Inspect service tier change
To inspect the canary patch, execute:
kubectl get canary n0.nano -o jsonpath='{.spec.patch}'The output shows a change in the service tier revision, which means that a change was performed in the service tier or a Helm feature referenced by the service tier. For more information about shared database configuration, see Service tiers.
{"spec":{"type":{"tierRef":{"revision":"100"}}}}To compare service tier and Helm feature revisions, lets create a small utility function.
diff_revisions() {
kind_name=$1
new_rev=$2
prev_rev=$3
context=${4:-"3"}
diff -U ${context} \
<(kubectl get "$kind_name" \
-o jsonpath="{range @.status.history.revisions[?(@.generation==${prev_rev})]}{@.spec}{end}" | base64 -d | jq) \
<(kubectl get "$kind_name" \
-o jsonpath="{range @.status.history.revisions[?(@.generation==${new_rev})]}{@.spec}{end}" | base64 -d | jq)
}Compare the service tier revision 100 with the previous revision (in this case 99) using the following command:
diff_revisions "tier/n0.nano" 100 99--- /dev/fd/11 2026-01-29 12:15:45
+++ /dev/fd/12 2026-01-29 12:15:45
@@ -62,7 +62,7 @@
},
{
"name": "nano-resources",
- "revision": "6"
+ "revision": "7"
},
{
"name": "nano-disk",
In this case, the revision of nano-resources Helm feature is the only change, so it must have been updated.
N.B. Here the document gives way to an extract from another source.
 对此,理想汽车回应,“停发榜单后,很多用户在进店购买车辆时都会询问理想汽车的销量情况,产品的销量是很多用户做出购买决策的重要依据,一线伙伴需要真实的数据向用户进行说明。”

Let’s compare its revisions.
diff_revisions "feature/nano-resources" 7 6 10--- /dev/fd/11 2026-01-29 12:16:11
+++ /dev/fd/12 2026-01-29 12:16:11
@@ -27,18 +27,18 @@
}
},
"te": {
"memoryOption": "500Mi",
"resources": {
"limits": {
"cpu": 8,
"memory": "500Mi"
},
"requests": {
- "cpu": "2",
+ "cpu": 4,
"memory": "500Mi"
}
}
}
}
}
}
The CPU requests for the TE engine have been increased, which affects all databases using the n0.nano service tier.
This aligns with the previous analysis for the database TE pod not being scheduled due to resource constraints.